Hannah Fay Taylor (born 30 April 1998) is a Canadian freestyle wrestler. Taylor competed for Canada at the 2019 Pan American Games, and at the Pan American Wrestling Championships she won the silver medal in 2019 and 2020. She won one of the bronze medals in the women's 57 kg event at the 2022 Commonwealth Games held in Birmingham, England. She is a member of the women's wrestling team at Brock University.

Personal life 
Taylor was born in Charlottetown, Prince Edward Island and raised in Cornwall, Prince Edward Island. She currently resides in the Niagara Region and studies sport management at Brock University.

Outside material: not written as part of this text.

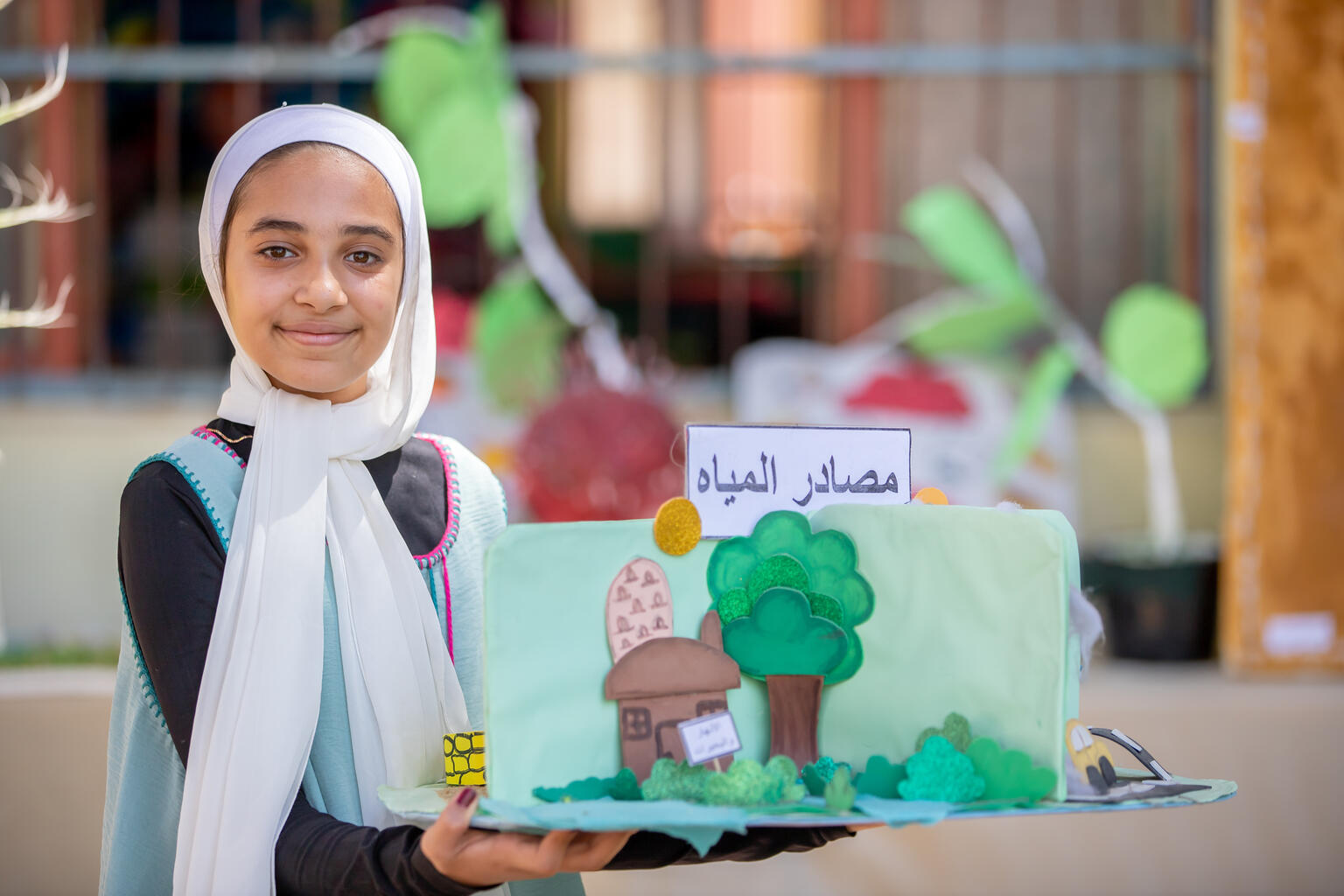 ユニセフの支援により実施された、環境や気候変動をテーマにしたサマーキャンプには、ジャナさんを含む約3万人の小学生が参加し、水の大切さや資源の再利用などについて学びました。ジャナさんの通う小学校では、環境をテーマにしたアート展も開催され、子どもたちが制作した作品が並びました。ジャナさんたちは作品を通じて、リサイクルや環境保護など、持続可能な未来に向けた行動を呼びかけています。

She obtained her high school diploma from Three Oaks Senior High School, located in Summerside, Prince Edward Island.

Career 

In 2013, Taylor competed for Prince Edward Island (PEI) in wrestling at the 2013 Canada Summer Games, where she won a silver medal, and she was the flag-bearear for the province at the opening ceremonies of the games. She later represented PEI in the sport of judo at the 2015 Canada Winter Games, due to being unable to find a training partner for wrestling in her weight class.

She currently competes for Canada in the 57kg weight class and for the Brock University Badgers in the 63kg weight class (previously in the 59kg weight class).

In late 2019, she was defeated by Linda Morais in the 57kg finals of the Canadian Wrestling Trials, thereby failing to secure an entry into the Pan-Am Olympic Qualification Tournament in Ottawa.

U SPORTS 

In 2017, she was named the rookie of the year by U SPORTS and that same year, claimed a gold medal at the Ontario University Athletics (OUA) wrestling championships.

From 2016-2017 to 2019-2020, she received a gold medal three times at the national level (U SPORTS Wrestling Championships) and four times at the provincial level (OUA Wrestling Championships).

International competitions 

In 2019, she represented Canada at the 2019 Pan American Games held in Lima, Peru in the 57 kg event where she was eliminated in her first match by Giullia Penalber of Brazil. Penalber went on to win one of the bronze medals. Later that year, Taylor also competed in the 57 kg event at the 2019 World Wrestling Championships where she was eliminated in her first match by Jong In-sun.

In 2019, she also competed at the 2019 World U23 Wrestling Championship where she won one of the bronze medals in the 57 kg event. Two years later, she also won one of the bronze medals in the 57 kg event at the 2021 U23 World Wrestling Championships held in Belgrade, Serbia.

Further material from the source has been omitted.